Data entries:
--- --- ---

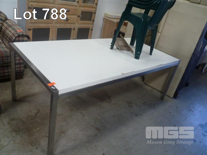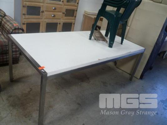 RECTANGULAR DINING TABLE, WHITE LAMINATE TOP, (DAMAGE TO EDGE), METAL FRAME
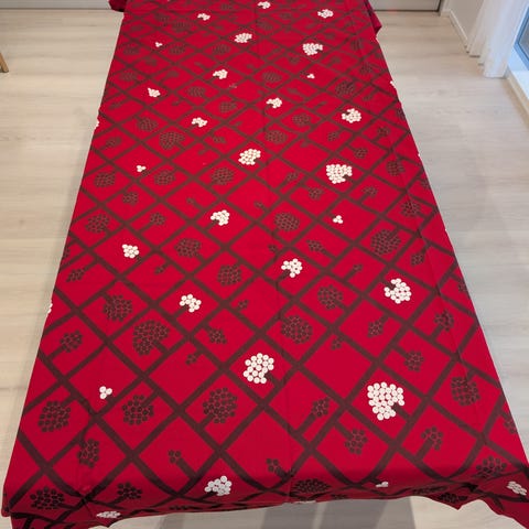 Marimekon vähällä käytöllä ollut pöytäliina vuodelta 2004. Mitat 205cm x 140cm.
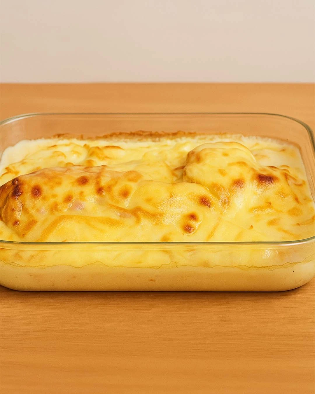 Ce gratin savoyard revisité séduit par sa simplicité et son authenticité. Facile à préparer, il demande peu d’ingrédients mais mise tout sur la qualité : du bon jambon blanc, un fromage savoyard bien affiné et une escalope de veau moelleuse. La cuisson au four lui confère une texture gratinée irrésistible qui met en appétit dès la première odeur.
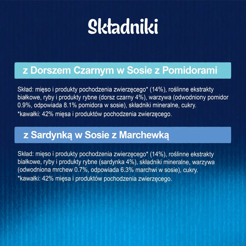 Felix Sensations Sauces är ett komplett våtfoder för vuxna katter och passar även kastrerade katter. Förpackningen innehåller två smakvarianter med fisk i fyllig sås, framtagna för att ge både god smak och en balanserad näringssammansättning som täcker kattens dagliga behov.
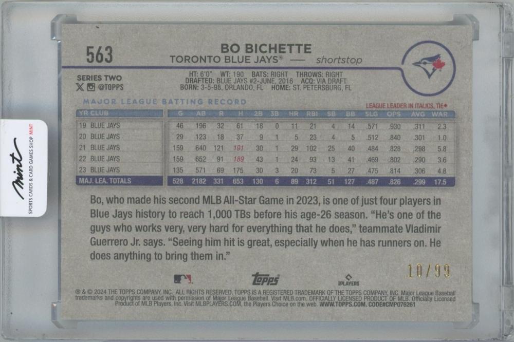 2024 TOPPS Vintage Stock #563 / BO BICHETTE(Toronto Blue Jays) 【10/99】

--- --- ---

Required action: An exact transcription of the records above is needed, with no pictures included.

Task output:
 RECTANGULAR DINING TABLE, WHITE LAMINATE TOP, (DAMAGE TO EDGE), METAL FRAME
 Marimekon vähällä käytöllä ollut pöytäliina vuodelta 2004. Mitat 205cm x 140cm.
 Ce gratin savoyard revisité séduit par sa simplicité et son authenticité. Facile à préparer, il demande peu d’ingrédients mais mise tout sur la qualité : du bon jambon blanc, un fromage savoyard bien affiné et une escalope de veau moelleuse. La cuisson au four lui confère une texture gratinée irrésistible qui met en appétit dès la première odeur.
 Felix Sensations Sauces är ett komplett våtfoder för vuxna katter och passar även kastrerade katter. Förpackningen innehåller två smakvarianter med fisk i fyllig sås, framtagna för att ge både god smak och en balanserad näringssammansättning som täcker kattens dagliga behov.
 2024 TOPPS Vintage Stock #563 / BO BICHETTE(Toronto Blue Jays) 【10/99】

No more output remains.